• _DESCRIPTION OF THE TASK_
Below are some records; repeat them all exactly, minus the pictures.

** DATA follows **

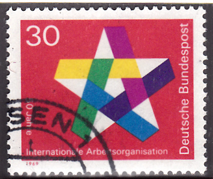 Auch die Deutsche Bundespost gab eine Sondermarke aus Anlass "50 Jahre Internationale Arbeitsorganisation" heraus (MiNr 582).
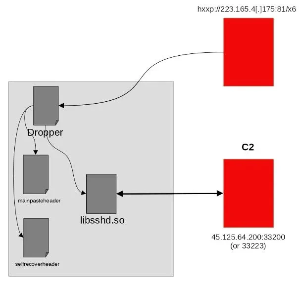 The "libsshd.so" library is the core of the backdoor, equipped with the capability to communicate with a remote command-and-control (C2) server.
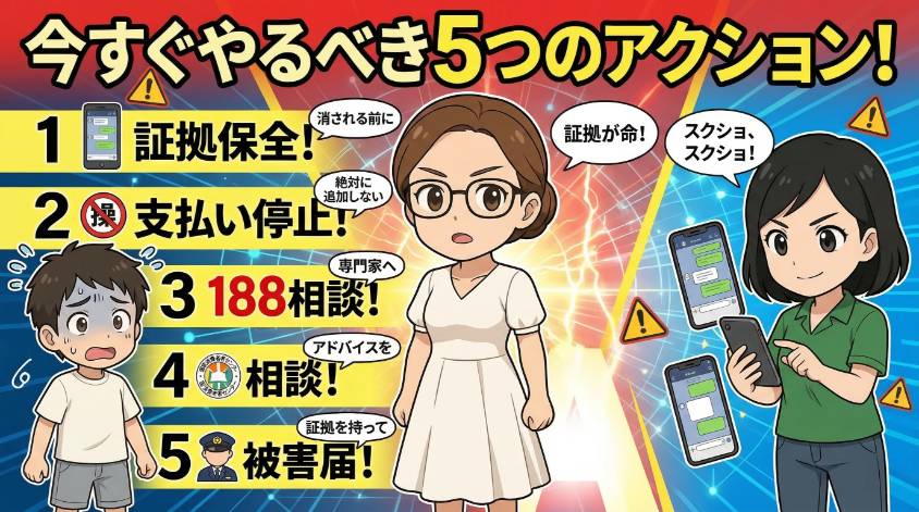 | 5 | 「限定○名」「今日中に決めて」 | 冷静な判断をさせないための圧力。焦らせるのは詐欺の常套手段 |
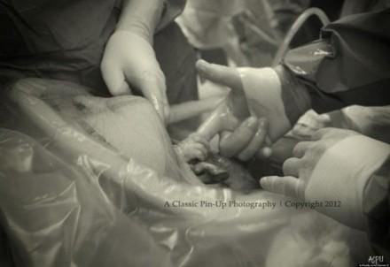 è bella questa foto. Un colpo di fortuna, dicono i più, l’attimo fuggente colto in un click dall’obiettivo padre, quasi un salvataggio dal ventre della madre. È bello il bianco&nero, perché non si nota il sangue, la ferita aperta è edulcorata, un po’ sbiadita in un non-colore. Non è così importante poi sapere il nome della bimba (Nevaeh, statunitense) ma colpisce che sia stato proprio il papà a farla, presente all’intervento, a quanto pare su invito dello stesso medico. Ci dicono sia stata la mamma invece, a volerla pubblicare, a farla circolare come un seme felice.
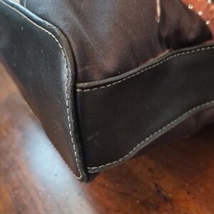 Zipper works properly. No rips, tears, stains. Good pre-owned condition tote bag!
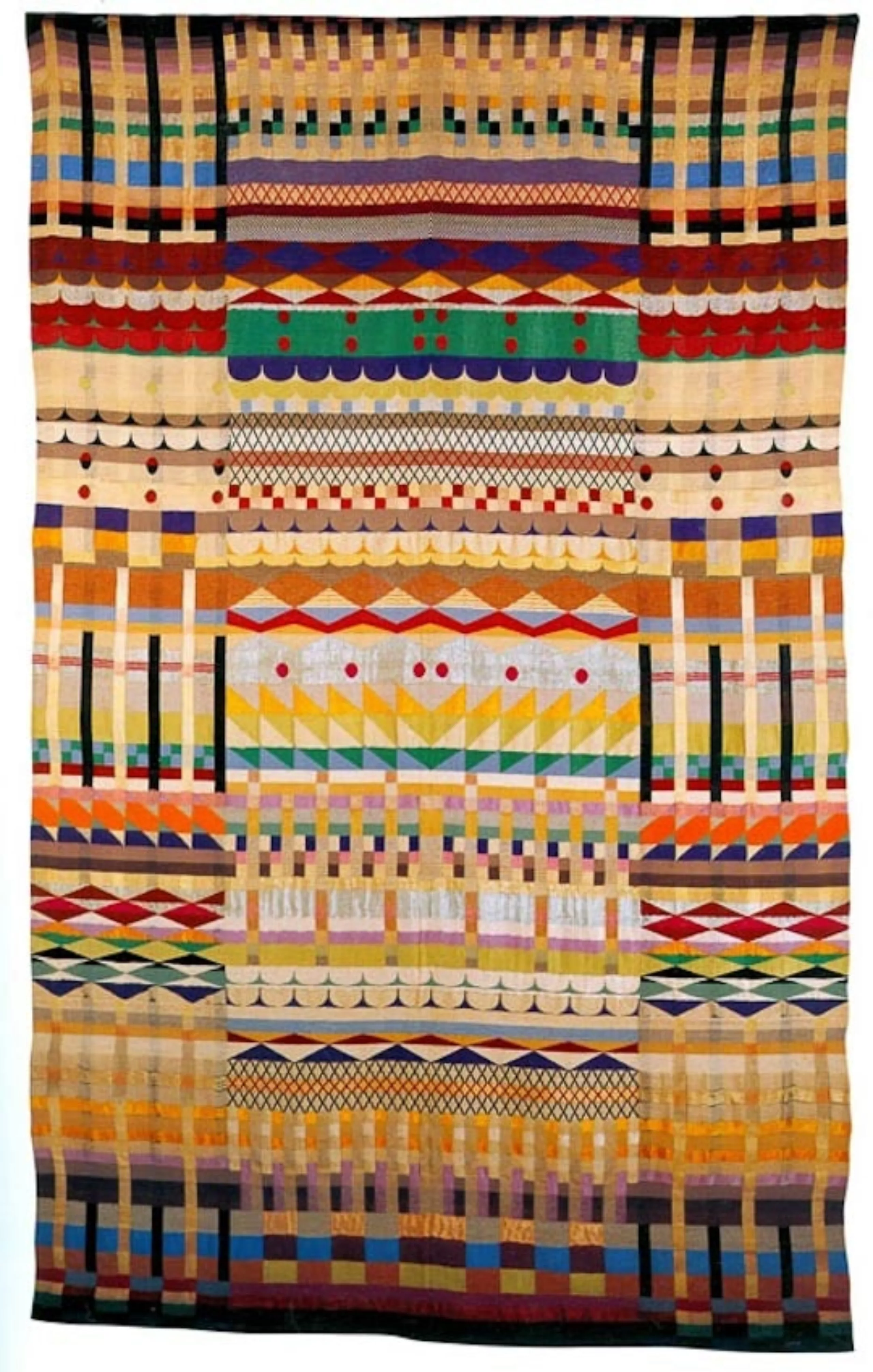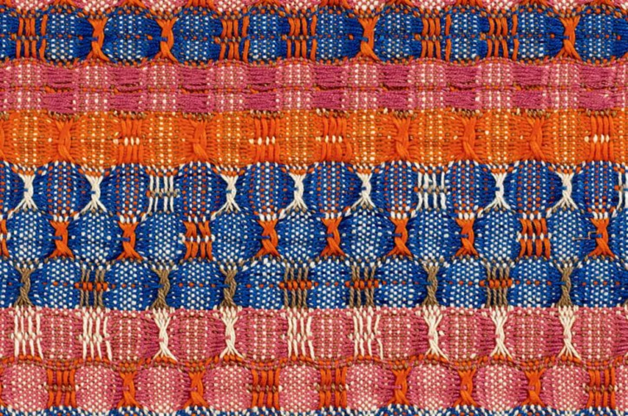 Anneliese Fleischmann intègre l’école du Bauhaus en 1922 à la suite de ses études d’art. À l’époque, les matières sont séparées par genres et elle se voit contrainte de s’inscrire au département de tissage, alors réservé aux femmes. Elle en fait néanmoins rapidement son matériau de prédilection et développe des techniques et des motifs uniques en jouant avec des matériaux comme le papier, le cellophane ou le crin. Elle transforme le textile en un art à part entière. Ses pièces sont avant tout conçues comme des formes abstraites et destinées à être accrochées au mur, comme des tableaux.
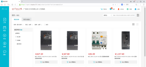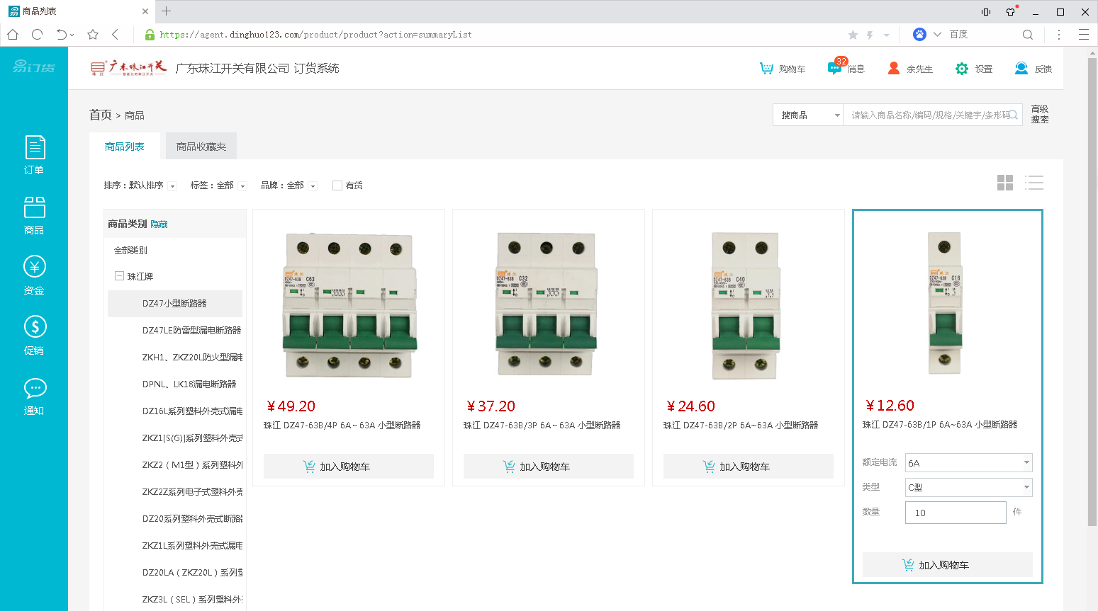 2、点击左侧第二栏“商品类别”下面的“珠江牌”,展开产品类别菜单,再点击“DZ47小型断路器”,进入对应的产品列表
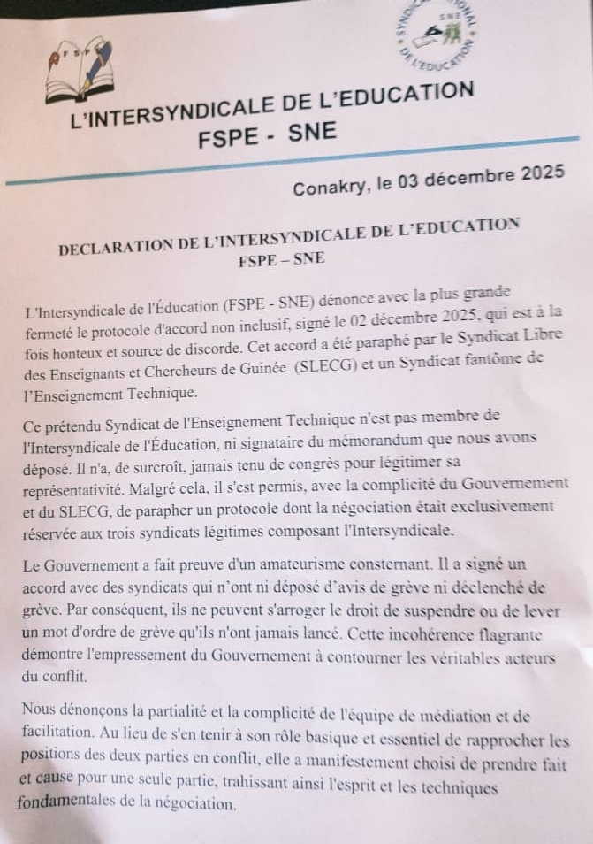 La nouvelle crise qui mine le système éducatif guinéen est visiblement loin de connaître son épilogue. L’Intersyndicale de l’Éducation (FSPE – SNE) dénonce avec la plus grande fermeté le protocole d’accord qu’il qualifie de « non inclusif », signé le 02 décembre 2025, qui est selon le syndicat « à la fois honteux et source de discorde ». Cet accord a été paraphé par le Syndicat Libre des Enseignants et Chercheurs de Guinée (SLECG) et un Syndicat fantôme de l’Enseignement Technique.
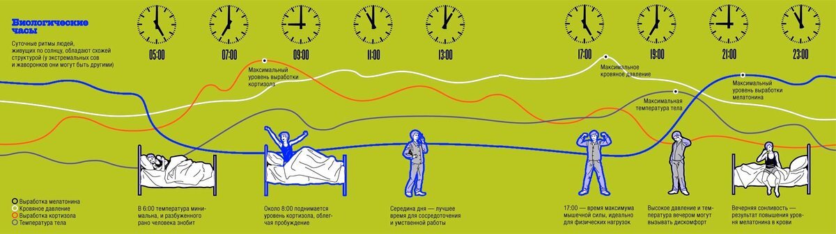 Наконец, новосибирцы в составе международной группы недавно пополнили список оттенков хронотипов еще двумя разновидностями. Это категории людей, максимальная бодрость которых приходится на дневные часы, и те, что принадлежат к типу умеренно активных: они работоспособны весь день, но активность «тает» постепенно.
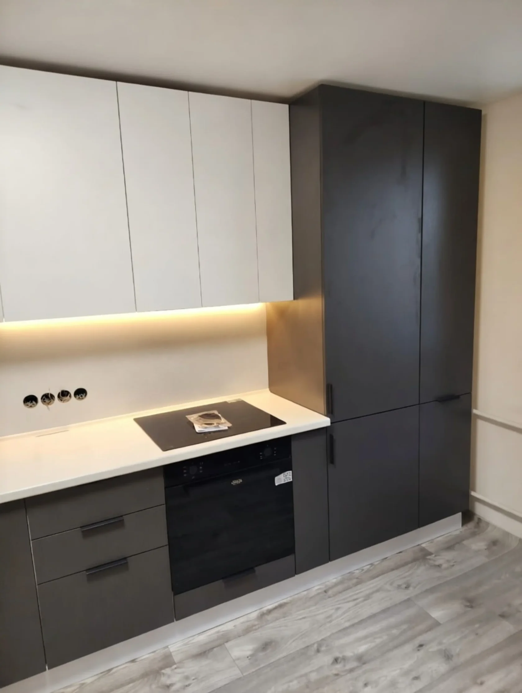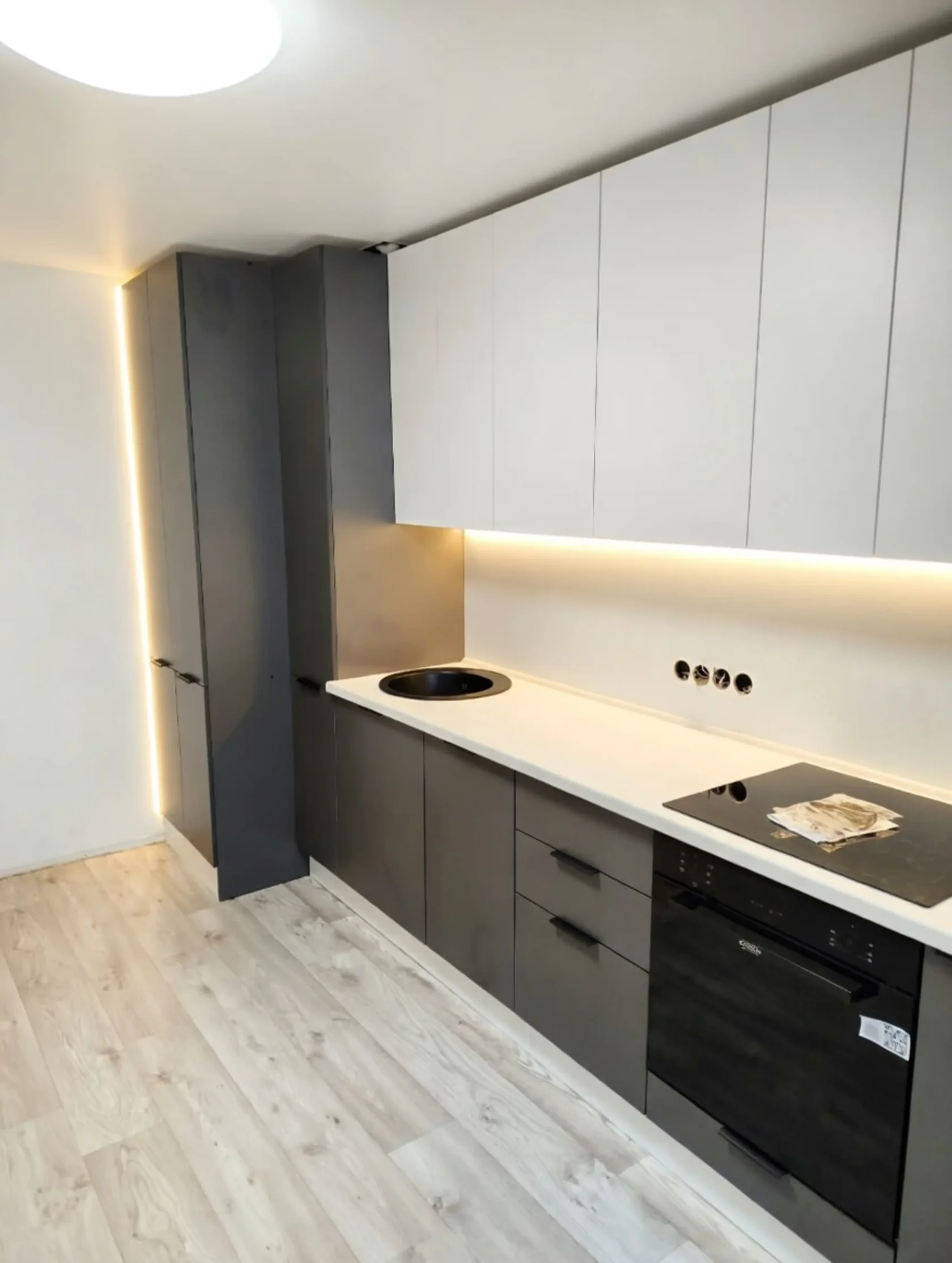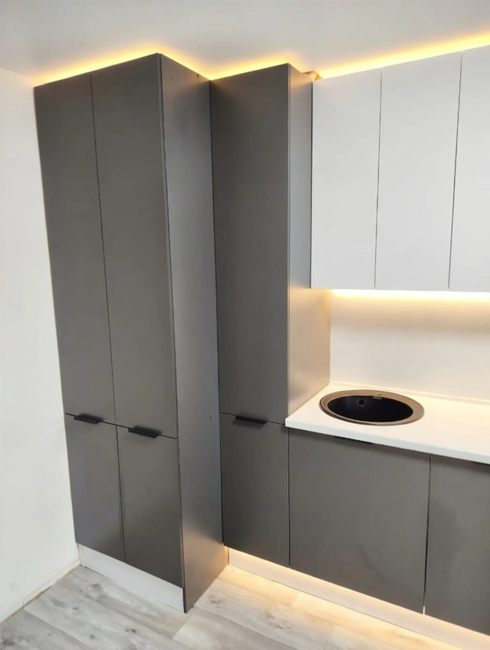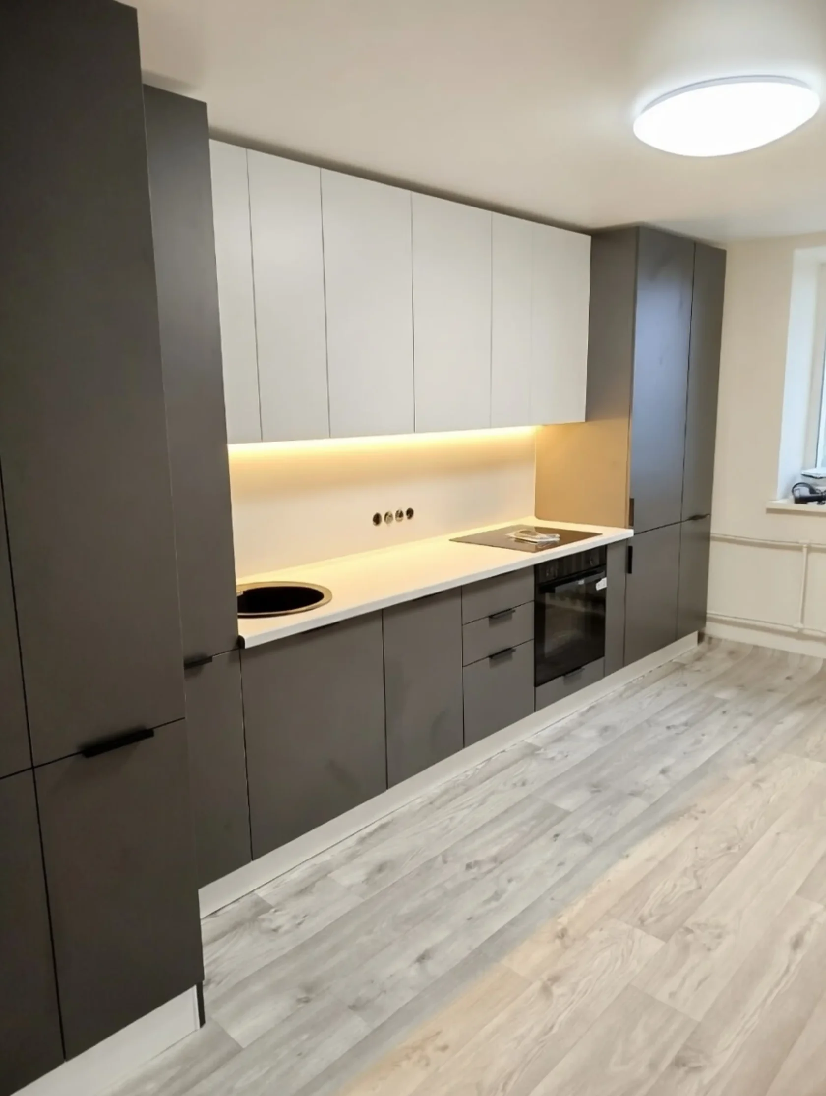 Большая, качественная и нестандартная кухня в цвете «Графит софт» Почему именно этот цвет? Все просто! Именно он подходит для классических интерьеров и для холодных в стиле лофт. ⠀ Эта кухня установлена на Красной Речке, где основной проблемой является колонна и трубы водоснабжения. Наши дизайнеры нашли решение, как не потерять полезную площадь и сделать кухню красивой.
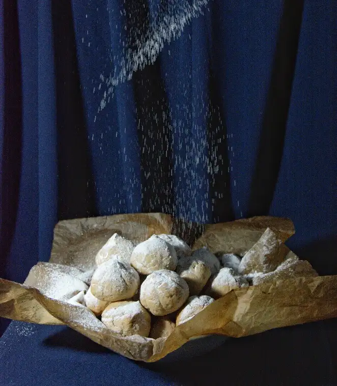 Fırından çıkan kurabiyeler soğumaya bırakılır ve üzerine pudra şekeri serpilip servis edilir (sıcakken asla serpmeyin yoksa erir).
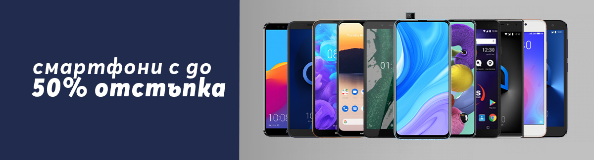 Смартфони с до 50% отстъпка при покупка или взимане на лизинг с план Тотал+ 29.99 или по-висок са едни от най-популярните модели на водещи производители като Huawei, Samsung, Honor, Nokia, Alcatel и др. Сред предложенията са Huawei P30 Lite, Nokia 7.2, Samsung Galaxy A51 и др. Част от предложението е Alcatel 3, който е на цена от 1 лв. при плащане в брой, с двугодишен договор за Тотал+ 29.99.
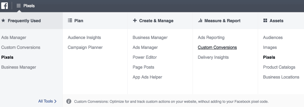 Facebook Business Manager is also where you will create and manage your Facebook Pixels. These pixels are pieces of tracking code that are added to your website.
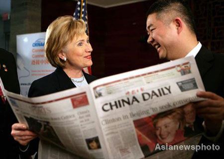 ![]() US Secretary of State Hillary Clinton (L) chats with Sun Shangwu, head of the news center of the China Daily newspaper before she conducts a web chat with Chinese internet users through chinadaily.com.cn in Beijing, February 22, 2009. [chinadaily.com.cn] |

** End of DATA **

• _EXERCISE SOLUTION_
 Auch die Deutsche Bundespost gab eine Sondermarke aus Anlass "50 Jahre Internationale Arbeitsorganisation" heraus (MiNr 582).
 The "libsshd.so" library is the core of the backdoor, equipped with the capability to communicate with a remote command-and-control (C2) server.
 | 5 | 「限定○名」「今日中に決めて」 | 冷静な判断をさせないための圧力。焦らせるのは詐欺の常套手段 |
 è bella questa foto. Un colpo di fortuna, dicono i più, l’attimo fuggente colto in un click dall’obiettivo padre, quasi un salvataggio dal ventre della madre. È bello il bianco&nero, perché non si nota il sangue, la ferita aperta è edulcorata, un po’ sbiadita in un non-colore. Non è così importante poi sapere il nome della bimba (Nevaeh, statunitense) ma colpisce che sia stato proprio il papà a farla, presente all’intervento, a quanto pare su invito dello stesso medico. Ci dicono sia stata la mamma invece, a volerla pubblicare, a farla circolare come un seme felice.
 Zipper works properly. No rips, tears, stains. Good pre-owned condition tote bag!
 Anneliese Fleischmann intègre l’école du Bauhaus en 1922 à la suite de ses études d’art. À l’époque, les matières sont séparées par genres et elle se voit contrainte de s’inscrire au département de tissage, alors réservé aux femmes. Elle en fait néanmoins rapidement son matériau de prédilection et développe des techniques et des motifs uniques en jouant avec des matériaux comme le papier, le cellophane ou le crin. Elle transforme le textile en un art à part entière. Ses pièces sont avant tout conçues comme des formes abstraites et destinées à être accrochées au mur, comme des tableaux.
 2、点击左侧第二栏“商品类别”下面的“珠江牌”,展开产品类别菜单,再点击“DZ47小型断路器”,进入对应的产品列表
 La nouvelle crise qui mine le système éducatif guinéen est visiblement loin de connaître son épilogue. L’Intersyndicale de l’Éducation (FSPE – SNE) dénonce avec la plus grande fermeté le protocole d’accord qu’il qualifie de « non inclusif », signé le 02 décembre 2025, qui est selon le syndicat « à la fois honteux et source de discorde ». Cet accord a été paraphé par le Syndicat Libre des Enseignants et Chercheurs de Guinée (SLECG) et un Syndicat fantôme de l’Enseignement Technique.
 Наконец, новосибирцы в составе международной группы недавно пополнили список оттенков хронотипов еще двумя разновидностями. Это категории людей, максимальная бодрость которых приходится на дневные часы, и те, что принадлежат к типу умеренно активных: они работоспособны весь день, но активность «тает» постепенно.
 Большая, качественная и нестандартная кухня в цвете «Графит софт» Почему именно этот цвет? Все просто! Именно он подходит для классических интерьеров и для холодных в стиле лофт. ⠀ Эта кухня установлена на Красной Речке, где основной проблемой является колонна и трубы водоснабжения. Наши дизайнеры нашли решение, как не потерять полезную площадь и сделать кухню красивой.
 Fırından çıkan kurabiyeler soğumaya bırakılır ve üzerine pudra şekeri serpilip servis edilir (sıcakken asla serpmeyin yoksa erir).
 Смартфони с до 50% отстъпка при покупка или взимане на лизинг с план Тотал+ 29.99 или по-висок са едни от най-популярните модели на водещи производители като Huawei, Samsung, Honor, Nokia, Alcatel и др. Сред предложенията са Huawei P30 Lite, Nokia 7.2, Samsung Galaxy A51 и др. Част от предложението е Alcatel 3, който е на цена от 1 лв. при плащане в брой, с двугодишен договор за Тотал+ 29.99.
 Facebook Business Manager is also where you will create and manage your Facebook Pixels. These pixels are pieces of tracking code that are added to your website.
 ![]() US Secretary of State Hillary Clinton (L) chats with Sun Shangwu, head of the news center of the China Daily newspaper before she conducts a web chat with Chinese internet users through chinadaily.com.cn in Beijing, February 22, 2009. [chinadaily.com.cn] |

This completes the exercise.